I Am, I Am, I Am: Seventeen Brushes with Death

2017 • 288 pages

Ratings40

Average rating4.2

15

I'm still reeling from this astonishing memoir.

The premise drew me in immediately; it's a memoir told in seventeen stories, each centering on one of O'Farrell's brushes with death. The writing is beautiful, both lyrical and (at times) disturbingly, can't-look-away visceral.
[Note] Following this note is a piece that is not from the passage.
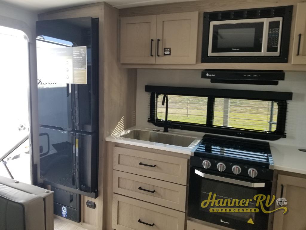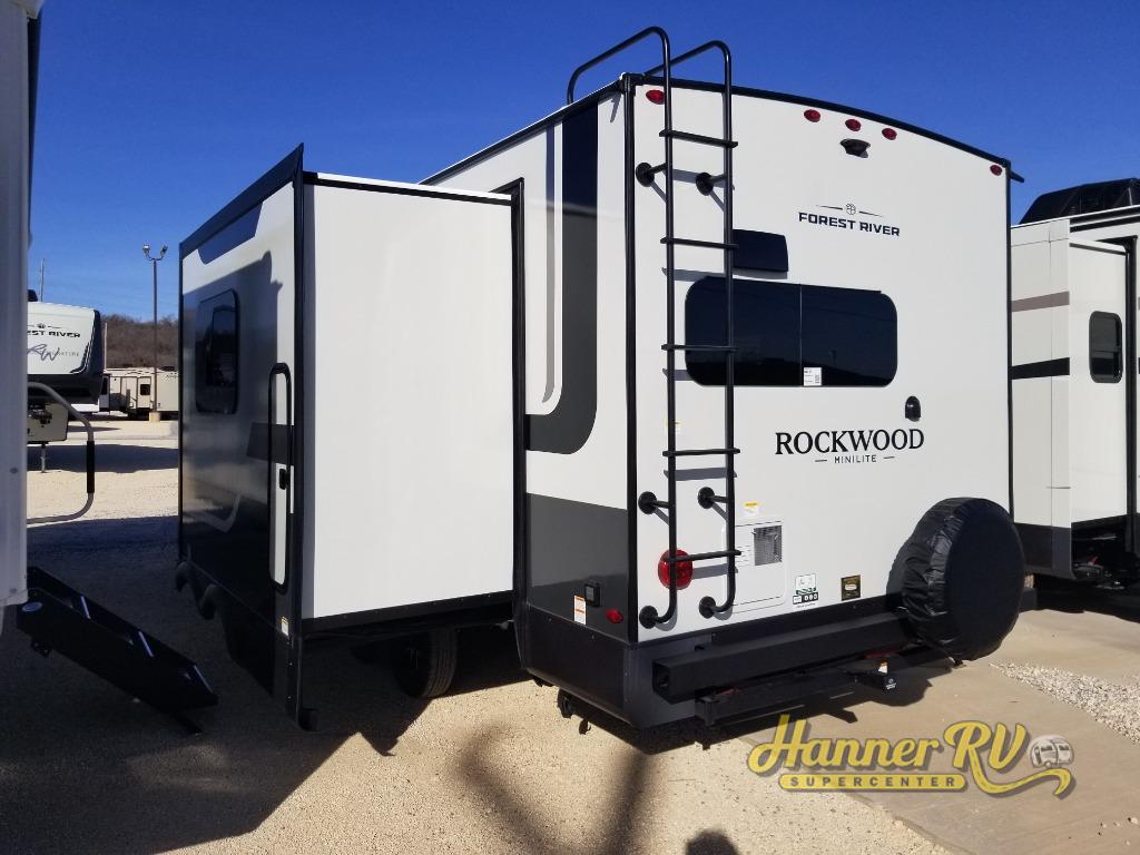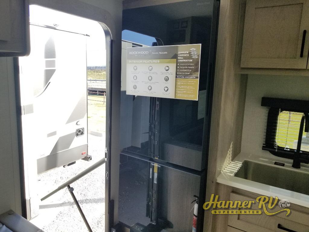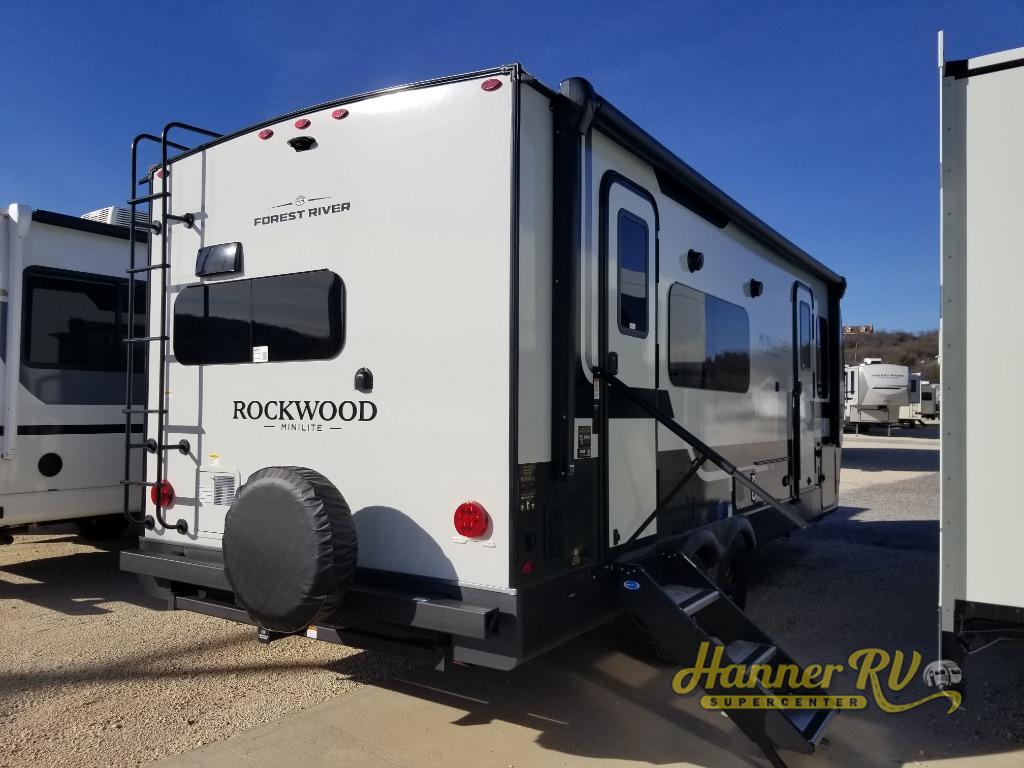 Each Rockwood Mini Lite travel trailer by Forest River is constructed with a fully laminated one-piece walkable roof, sleek frameless windows, and a six-sided full aluminum frame for strength and durability. The 12V thermostatically controlled heated tanks, plus radiant foil in the underbelly will allow you to camp well into the colder months, and the 200W roof solar panel will be perfect for a little off-gridding. Each model includes solid surface kitchen countertops, hidden hinge cabinet doors, roller shades, plus many more interior features. Having an AIR 360+ omnidirectional antenna with WiFi prep on board gives you the option to get some work done if it's needed, and the power tongue jack provides hassle-free set up, so you can enjoy more time relaxing!

As an anxiety-prone, risk-averse human, I admit I found myself in disbelief at the frequency and ferocity of O'Farrell's near-death experiences (for example, if I'd survived even one of her three near-drownings, I think I'd probably stop swimming for a while or, uh, forever). Her urge to live life to its absolute fullest, to push boundaries and risk bodies, comes in large part from surviving encephalitis as a child. Remarkably, what she takes away from that experience is that the rest of her life is a bonus, something she lucked into, something to be taken the utmost advantage of rather than tucked away safely on a high shelf.

While all the stories are powerful, by far the most harrowing for me is the first, in which she re-encounters a man on a trail and knows implicitly and unequivocally that he means to harm her. The story of her miscarriage was also gut-wrenching.

This was amazing and I'm glad to have read it. I'm embarrassed to admit I've never read Maggie O'Farrell before - no, not even Hamnet! - and this has skyrocketed her to the top of my list.